Two terrines to choose from

Medusa
Brilliant recipes!
And they will not go with me "at choice", but like Vova with Dima, the engine: one in advance, then the other.
celfh
Natasha! As always flawless and on time
natapit
thanks girls !!! with interlayers in the meat terrine, you can vary - you can make an interlayer of vegetables, you can not put the liver in the minced meat, but make an interlayer of it ..... in general, a lot of room for imagination!
the same with vegetable terrine, it can be made from zucchini, potatoes, carrots ...
Zhivchik
What an interesting dish.
natapit, thanks for the recipe.
Only I didn't know what terrin was, but a very good song is spinning on my tongue.

natapit, this is for you:


natapit
Terrine (fr. Terrine) - a dish of meat or fish, in the form of thin slices - bread. The term Terrine is also known as soup soup in France and other countries. Terrines are prepared from minced meat, fillets of red and white fish, adding cheese, vegetables and spices. (Wikipedia)
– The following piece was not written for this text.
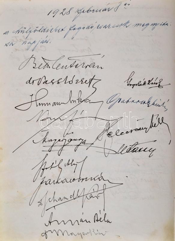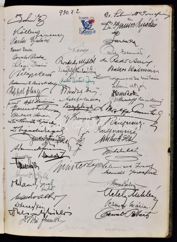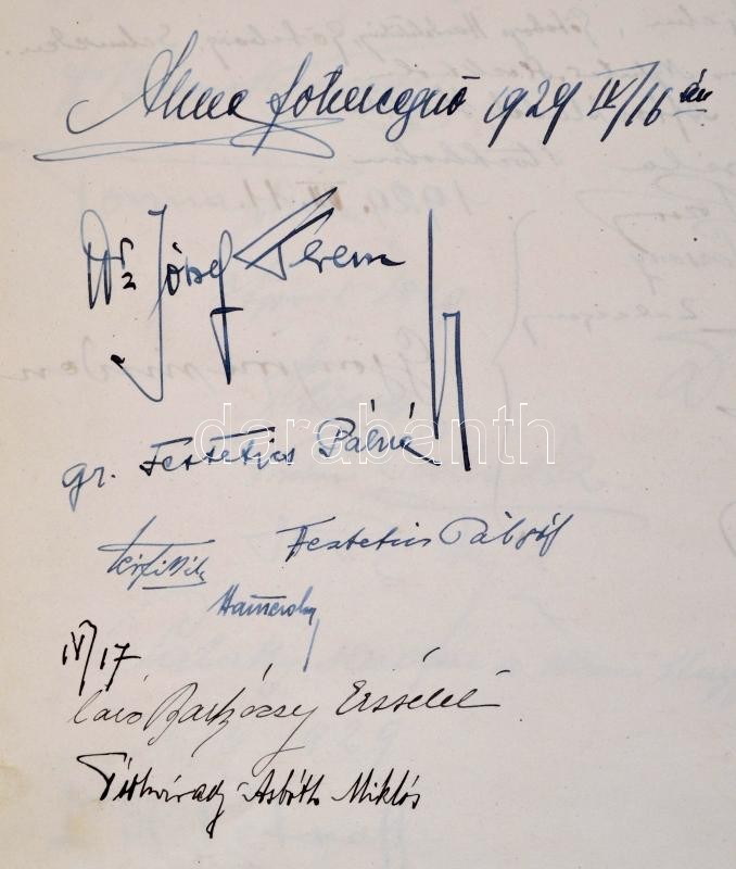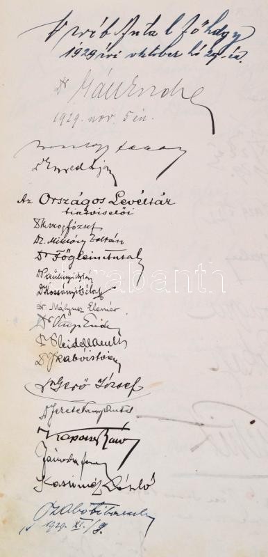 A budafoki Magyar Királyi Állami Pincegazdaság vendégkönyve, 1926-1930. Rengeteg aláírással. Köztük több híres és ismert ember kézírásával. Pl: Mayer János (1871-1955) földművelésügyi miniszter, Behtlen István (1874-1946) miniszterelnök, Walko Lajos (1880-1954) politikus, miniszter, Vass József (1877-1930) politikus, egyházfi. 1927. június 14.-én a Magyar Királyi Opera tagjai tettek látogatást itt. Köztük: Budanovits Mária (1884-1976), Walter Rózsi (1901-1974), Tamássy Miklós (1881-1933), Makoldy Némethy Ella (1895-1961) és férje Makoldy József (1890-?) festőművész, grafikus és valamint még sokan mások is. 1929. április 16-án József Ferenc főherceg (1895-1957), és felesége Anna főhercegnő (1903-1976), valamint kísérete Festetics Pál (1858-1930) és felesége látogatott el ide. 1929. június 6.-án Horthy István (1904-1942) és magsasrangú vendégei, Nikolaus Erbgroßherzog von Oldenburg (1897-1970) és felesége, Helene (1899-1948), valamint kísérete látogattak el ide. Később az Országos Levéltár tisztviselői látogattak el ide, 1929 november 5.-én. Köztük Mályusz Elemér (1898-1989). Rendszeresek voltak az iskolai, céges, különféle szervezetek látogatásai, amelyek rendre bejegyezték magukat. A könyvben még számos aláírás és bejegyzés található, amely felfedezésre vár. Kopottas egészvászon kötés, 190 p.

Well, you made me laugh! now I sit humming this song!
Zhivchik
natapit, thanks for the info!

Quote: natapit

now I sit humming this song!

I knew, I knew ... now I'm not the only one humming such a good song.
natapit
Tumanchik
Thank you very much Natasha for the meat terrine recipe. Insanely delicious and table decoration. Instead of candied fruits, I used dates, which I laid out in mosaics. Instead of pistachios - peanuts. And so that there were no creases on the line of chicken fillet, the fillet was rolled in peanuts and sprinkled with gelatin. The plastics were flat and did not share. Fresh champignons. I will definitely repeat.
Two terrines to choose fromTwo terrines to choose from

natapit
Wow! what a handsome man!
Tumanchik
Quote: natapit

Wow! what a handsome man!
And again I praise your terrine! This time I, as a "pro", took into account all my mistakes and terrine in general broke all records in the speed of eating! My gratitude to you has no limits!